Sunday, April 17, 2011

Dogs of Destruction

I wrote this some time ago in Arkansas.


Dogs of Destruction
 
  Bold as brass, and seemingly as unafraid as if he belonged here, the little gray mouse traipsed across my living room floor yesterday afternoon and headed for the kitchen.  The dogs were asleep, of course, and didn't see him, and I just stared in shock at the unbelievable gall of the creature.  By the time I got the humane mouse trap out, it was too late.  He'd disappeared with nary an adreneline rush of his tiny little heart.
  Got me thinking, of course.  Thinking about our lives and how we live in the face of danger every day and don't even pause to consider it.  Our own dogs of destruction seem asleep sometimes, and thank God for that.  The teeth that could wipe us out in a single bite lay dormant, snoozing, unaware of our very presence. 
  Our dogs of destruction go by many names...Fear, Pain, Sorrow, Depression, Anxiety.  We go about our lives coexisting with dogs that could kill us easily, if it were not for the protection of Almighty God. 
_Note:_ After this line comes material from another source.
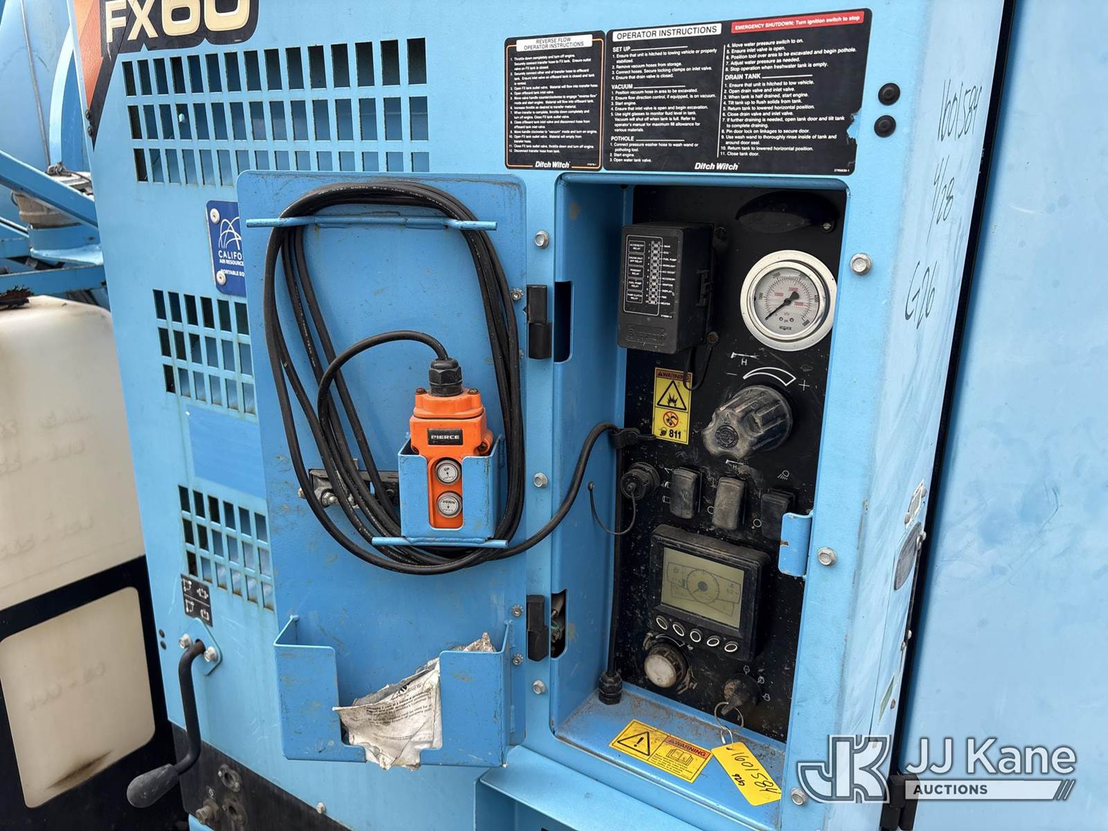 2015 Ditch Witch FX60 T/A Vacuum Excavation Trailer, 4-cyl, diesel, with 1200 gal cap, (Operates) (Reads 242 hours) This is a Titled Item NOTE: This unit is being sold AS IS/WHERE IS via Timed Auction and is located in Dixon, CA. Inspection & preview days for this unit are the 2 business days prior to the first day of items closing for this auction, item is located at 8668 Sparling Ln Dixon, CA 95620 and hours of operations are 8a-4p. For pre-sale questions, please contact JJ Kane Staff at (707) 678-8060 (dixon@jjkane.com). Dealer License Number 45696. (Buyer is responsible for removal. Assistance by consignor or JJ Kane Auctions is not assured.)

  I've done a fair amount of processing of my trip to California and beyond.  I've thought about how different the world is, how full of pain, how full of lost souls.  I've thought about how the world measures success, and how differently God measures it.   
  I think the world measures success in things, in possessions, in education, in what you've got to show for your life.  But is that how God views success?  I don't think God cares how much you've got, but what you DO with what you've got.  I don't think God measures success by how much you have, but by how much of His love you share with others. 
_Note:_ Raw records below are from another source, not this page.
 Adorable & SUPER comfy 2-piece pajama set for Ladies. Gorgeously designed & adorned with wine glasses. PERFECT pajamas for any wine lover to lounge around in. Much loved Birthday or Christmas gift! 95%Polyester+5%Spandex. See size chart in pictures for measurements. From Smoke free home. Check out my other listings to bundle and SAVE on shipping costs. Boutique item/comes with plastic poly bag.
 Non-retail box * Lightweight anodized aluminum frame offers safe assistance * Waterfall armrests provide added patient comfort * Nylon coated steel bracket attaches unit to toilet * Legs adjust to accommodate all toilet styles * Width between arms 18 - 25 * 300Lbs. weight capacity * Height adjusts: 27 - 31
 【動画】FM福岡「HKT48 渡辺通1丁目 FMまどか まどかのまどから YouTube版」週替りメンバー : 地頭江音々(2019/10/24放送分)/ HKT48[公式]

  And all around us the dogs of destruction wait, ready to pounce with the unfulfilled expectations of the world, while God waits just as patiently for us to recognize the danger of living life as the world lives it.  He wants us to run into His strong tower, His "humane trap," where we can go and be safe. 
  I set out my "alternative" trap last night, which consists of constructing a ladder of sorts that leads to a glass carafe, in which hopefully the little beast will fall.  Once there, he can't get out and I can take him out and free him.  Unfortunately, he ate the cookie crumbs on the first rung of the ladder (an olive can, actually), but went no farther.  But today is another day.  I've ordered a different sort of humane mouse trap online and will try that.
  I know, many of you are saying "Come on, get a grip.  It's a MOUSE, for God's sake.  It's VERMIN.  Just kill the darn thing and be done with it."  But, somehow, I just can't.  Maybe someday I'll get to the point where I can just put a trap out and off the little thing, but I'm not there yet.  I looked at the little beast crossing the floor yesterday, and he reminded me of myself, crossing out in the dangerous open spaces of life while the dogs of destruction slept.